Components Overview¶
This page provides a technical breakdown of each component in the BBC News ETL pipeline.
Components¶
-
Primary Producer & Scrapers: Generate work queue, scrape BBC News articles, deduplicate, and push tasks to RabbitMQ.
-
Message Queue (RabbitMQ): Manages Work Queue, Task Queue, and DLQ for decoupling and reliability.
-
Consumers (ETL Workers): Fetch tasks, parse and transform raw HTML into structured datasets, store in MongoDB & PostgreSQL, and handle DLQ messages.
-
Storage Layer:
- MongoDB: raw/unstructured HTML.
- PostgreSQL: cleaned, structured analytics-ready data.
-
Monitoring & Observability: Prometheus metrics, Grafana dashboards, Loki logs (via Promtail).
-
Deployment & Orchestration: Docker, Kubernetes + KEDA for autoscaling, Helm charts, CI/CD pipelines.
1. Producer (Scraper)¶
-
Purpose: Generate work queue, scrape live and archived news articles, deduplicate against MongoDB, and publish tasks to RabbitMQ.
-
Implementation:
- Python 3.11 +
requests
,BeautifulSoup4
,Selenium
,pika
. - Handles rate limiting, retries, and error logging via Promtail.
- Python 3.11 +
-
Key Features:
- Modular scrapers supporting multiple sections.

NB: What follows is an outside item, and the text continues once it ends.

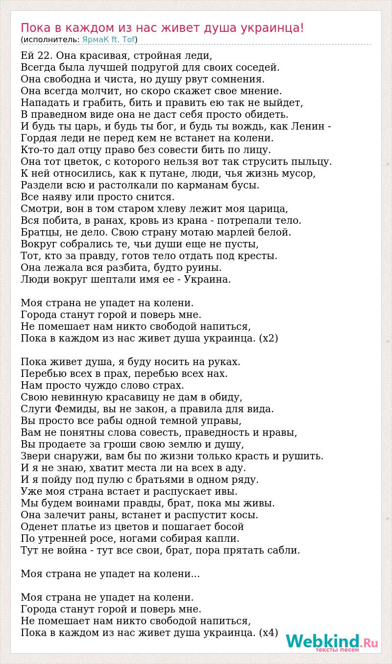 Ей 22. Она красивая, стройная леди, Всегда была лучшей подругой для своих соседей. Она свободна и чиста, но душу рвут сомнения. Она всегда молчит, но скоро скажет свое мнение. Нападать и грабить, бить и править ею так не выйдет, В праведном виде она не даст себя просто обидеть. И будь ты царь, и будь ты бог, и будь ты вождь, как Ленин - Гордая леди не перед кем не встанет на колени. Кто-то дал отцу право без совести бить по лицу. Она тот цветок, с которого нельзя вот так струсить пыльцу. К ней относились, как к путане, люди, чья жизнь мусор, Раздели всю и растолкали по карманам бусы. Все наяву или просто снится. Смотри, вон в том старом хлеву лежит моя царица, Вся побита, в ранах, кровь из крана - потрепали тело. Братцы, не дело. Свою страну мотаю марлей белой. Вокруг собрались те, чьи души еще не пусты, Тот, кто за правду, готов тело отдать под кресты. Она лежала вся разбита, будто руины. Люди вокруг шептали имя ее - Украина. Моя страна не упадет на колени. Города станут горой и поверь мне. Не помешает нам никто свободой напиться, Пока в каждом из нас живет душа украинца. (x2) Пока живет душа, я буду носить на руках. Перебью всех в прах, перебью всех нах. Нам просто чуждо слово страх. Свою невинную красавицу не дам в обиду, Слуги Фемиды, вы не закон, а правила для вида. Вы просто все рабы одной темной управы, Вам не понятны слова совесть, праведность и нравы, Вы продаете за гроши свою землю и душу, Звери снаружи, вам бы по жизни только красть и рушить. И я не знаю, хватит места ли на всех в аду. И я пойду под пулю с братьями в одном ряду. Уже моя страна встает и распускает ивы. Мы будем воинами правды, брат, пока мы живы. Она залечит раны, встанет и распустит косы. Оденет платье из цветов и пошагает босой По утренней росе, ногами собирая капли. Тут не война - тут все свои, брат, пора прятать сабли. Моя страна не упадет на колени... Моя страна не упадет на колени. Города станут горой и поверь мне. Не помешает нам никто свободой напиться, Пока в каждом из нас живет душа украинца. (x4)

- Work Queue orchestration based on dates and statistical thresholds.
- Horizontally scalable via KEDA.
2. Message Queue (RabbitMQ)¶
-
Purpose: Decouple producers and consumers while ensuring reliable task delivery.
-
Implementation:
- Maintains Work Queue, Task Queue, DLQ.
- Durable queues with prefetch, acknowledgements, retries.
-
Key Features:
- Supports multiple producers and consumers.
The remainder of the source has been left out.